The structural and construction requirements of these double insulation components are to be faithfully maintained, particularly where the double insulation is to be connected. In the process of connecting the double insulated pipe, the outer pipe of the double insulated pipe to be connected and the heat insulator are peeled to expose the inner pipe, and the inner pipe is mutually connected by welding. If the weld is completed and it is judged that there is no danger of leakage by testing the welded part, the pipe connection part is covered with the heat shrinkable sleeve and the urethane resin is filled in the connection part before the heat shrinkable sealing, . In addition to the heat shrinkable connection method, there are a shell joint connection method and a welding connection method.

The piping in the district heating is constituted so as to connect a plurality of double insulated pipes by welding or the like, usually with a predetermined depth on the ground. That is, a plurality of double insulated tubes of 20 mm to 1100 mm are buried in the ground to form a single section by connecting the tubes to each other by about 12 m, and a plurality of double insulated tubes are connected to each other at a predetermined interval, In a manner such that a section of the < RTI ID = 0.0 > At this time, a double insulated tube having a short length of usually 5 to 10 m or less is inserted into the parts spaced apart from each other by intervals, and the piping is made to be connected by welding or the like to the end of each section.

FIG. 1A is a perspective view of a double heat insulating pipe connecting method using a conventional heat shrinkable casing in which both ends of a double heat insulating pipe are welded.
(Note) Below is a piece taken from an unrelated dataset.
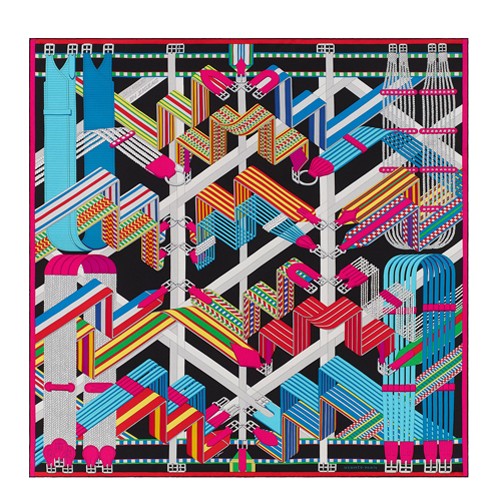 Among the many books preserved in the Émile Hermès collectsion are the albums of Camille et fils, a Parisian saddler based in the 10th arrondissement. A plate dating from 1895 illustrating a selection of girths caught the attention of Virginie Jamin, who was attracted by the restrained beauty of the drawing. The designer, a specialist in geometric compositions, gave free rein to her imagination, deploying the girth motif in a playful zigzag pattern. In an elegant and fascinating dance, the girths mirror each other as they criss‑cross or zigzag in a harmonious mix of lines, checks and coloured weaves.

FIG. 1B is a perspective view showing a state in which a heat-shrinkable casing is positioned at a joint portion in a double heat insulation pipe connection method using a conventional heat shrinkable casing. 1C is a perspective view showing a state where both ends of a heat-shrinkable casing are heated by a torch in a double heat insulation pipe connection method using a conventional heat shrinkable casing. FIG. 1D is a perspective view illustrating a state in which polyurethane is filled in a forming hole of a heat-shrinkable casing closely adhered to a double heat insulating pipe connecting method using a conventional heat shrinkable casing.
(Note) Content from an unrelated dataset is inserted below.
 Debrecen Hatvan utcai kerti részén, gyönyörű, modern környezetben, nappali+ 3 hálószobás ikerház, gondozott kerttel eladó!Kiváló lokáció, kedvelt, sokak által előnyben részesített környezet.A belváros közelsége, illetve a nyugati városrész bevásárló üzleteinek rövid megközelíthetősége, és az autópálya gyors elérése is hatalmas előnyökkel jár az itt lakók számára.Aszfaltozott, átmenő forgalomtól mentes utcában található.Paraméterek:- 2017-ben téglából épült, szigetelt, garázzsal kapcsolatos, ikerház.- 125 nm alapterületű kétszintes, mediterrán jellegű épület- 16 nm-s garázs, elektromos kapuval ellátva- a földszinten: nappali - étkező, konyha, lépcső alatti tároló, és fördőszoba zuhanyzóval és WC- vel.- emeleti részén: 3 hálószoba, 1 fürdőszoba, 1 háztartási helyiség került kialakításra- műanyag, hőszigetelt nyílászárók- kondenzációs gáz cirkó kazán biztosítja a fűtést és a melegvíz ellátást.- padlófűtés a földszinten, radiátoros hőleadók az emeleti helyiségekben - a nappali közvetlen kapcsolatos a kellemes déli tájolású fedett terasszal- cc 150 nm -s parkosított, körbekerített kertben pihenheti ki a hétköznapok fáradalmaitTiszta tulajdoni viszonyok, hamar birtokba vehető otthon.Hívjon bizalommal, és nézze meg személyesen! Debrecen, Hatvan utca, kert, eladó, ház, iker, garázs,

As shown in FIGS. 1A to 1D, in the conventional method of connecting the connecting portions of the double insulated tubes with the connecting holes 10 made of the heat-shrinkable casings, the heat-shrinkable casing is first inserted into the double insulated tube 1, The heat shrinkable casings are welded (Fig. 1A), and then the heat shrink casings are moved to the center to be positioned at the connection sites (Fig. 1B). Then, the ends of the heat shrink casings are heated by using a torch, A forming hole is formed in the heat shrinkable casings and the foaming holes 5 formed in the heat shrinkable casings are filled with polyurethane foam (Fig. 1C) 6) solution was injected for 30 seconds to 60 seconds to release the gas and the foaming hole 5 was blocked for about 10 seconds. The hole of the polyurethane foam was clogged and the foaming was continued inside. After 24 hours, (5) Fours to clean and prevents the forming hole (5) wepseu. After that, the webs are fixed with a saddle, and then the webs are electrically fused.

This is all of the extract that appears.